"Донья Барбара" - читать интересную книгу автора (Гальегос Ромуло)

XI. Спящая красавица

На обратном пути Сантос, удрученный только что разыгравшейся сценой, снова повстречался с молодой крестьянкой, у которой спрашивал дорогу. Только теперь, увидев, в какой нищете живет Лоренсо Баркеро, он догадался, что это дикое, лохматое, босоногое, одетое в грязные тряпки существо и есть дочь его двоюродного брата.

Девушка лежала на земле, рядом с вязанкой собранных в роще полуобугленных веток; подперев ладонями подбородок, она мечтательно смотрела перед собой.

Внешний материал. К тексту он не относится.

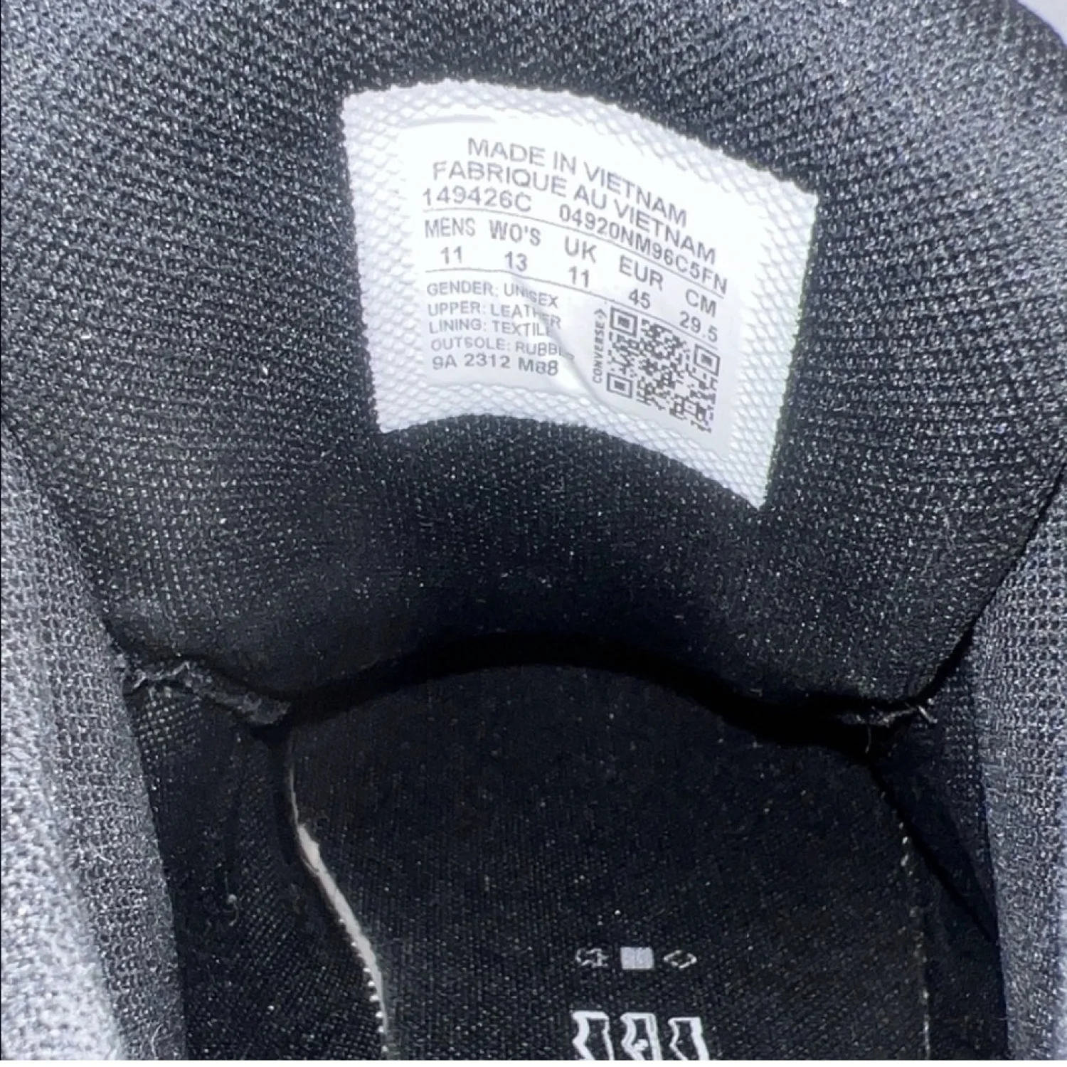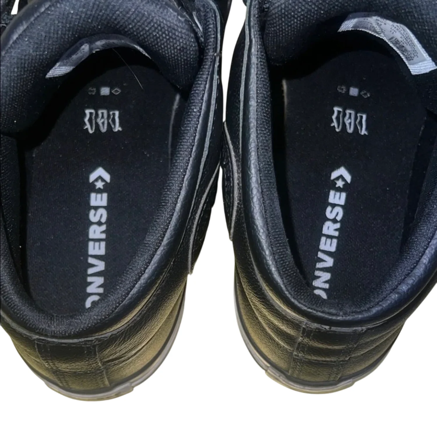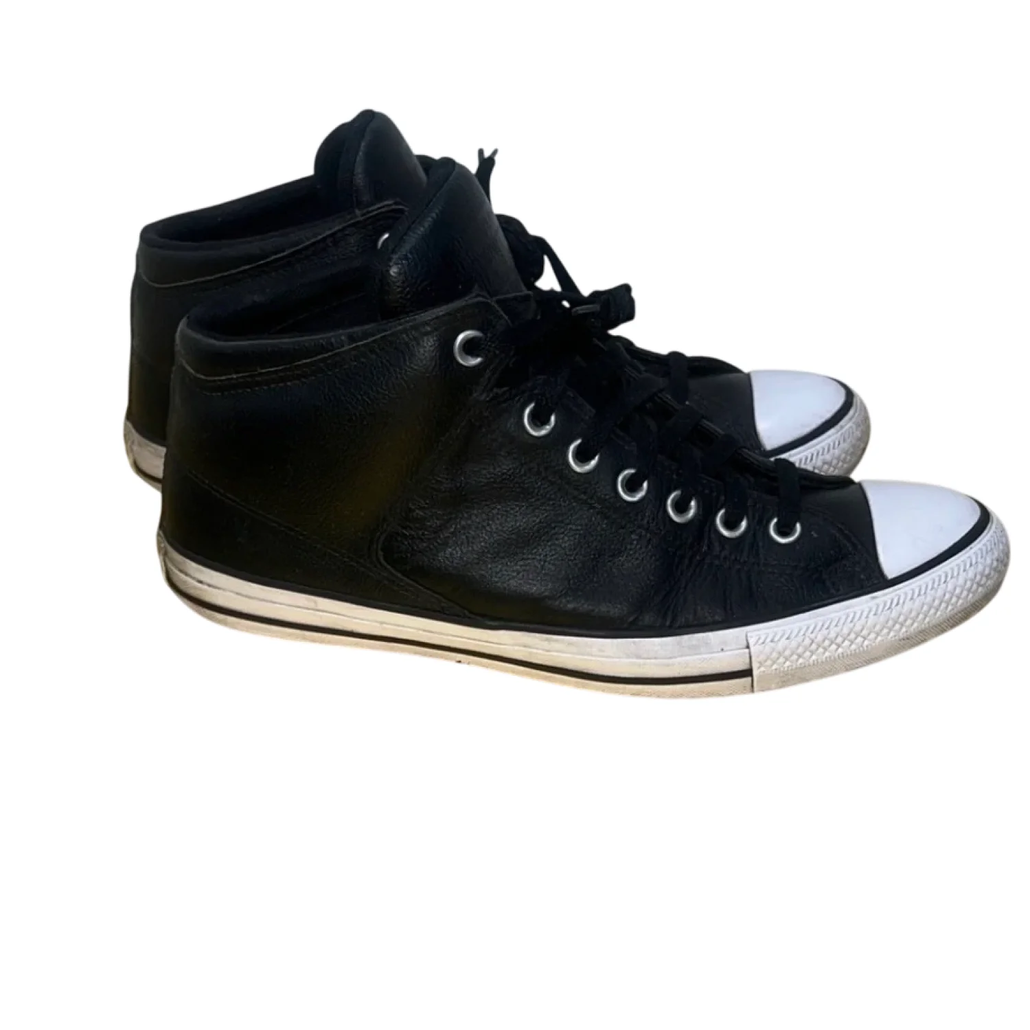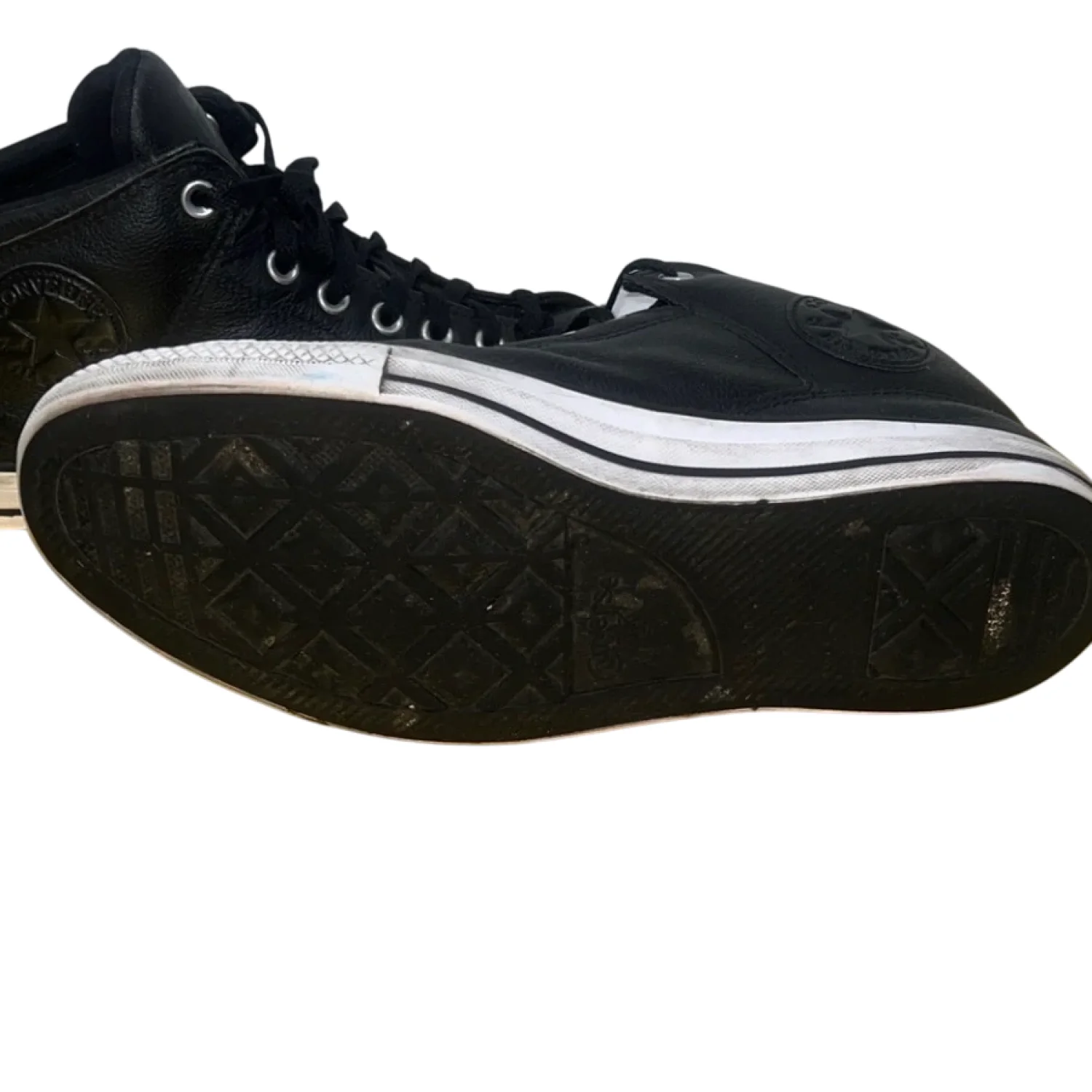 Converse All Star black leather high top sneakers featuring a classic design. Made with leather uppers and textile lining, perfect for casual wear. Size US 11 for men or US 13 for women. Includes iconic Converse branding on the sides and soles. Condition is good with some wear on the soles. Ideal for adding a touch of classic style to any outfit. #Converse #Sneakers #HighTops

Сантос остановился, желая как следует разглядеть ее. Изношенное, грязное платьишко плотно облегало спину, бедра и ноги, поражавшие скульптурной красотой линий; нарушали очарование только широкие, тяжелые, никогда не знавшие обуви ступни ног с огрубевшей и потрескавшейся кожей, но именно они-то и привлекли его сочувственное внимание.

Услышав фырканье лошади, девушка подняла голову и, увидев совсем рядом всадника, сжалась в комок, прикрыв подолом голые ноги. Затем, недовольно проворчав что-то, громко рассмеялась.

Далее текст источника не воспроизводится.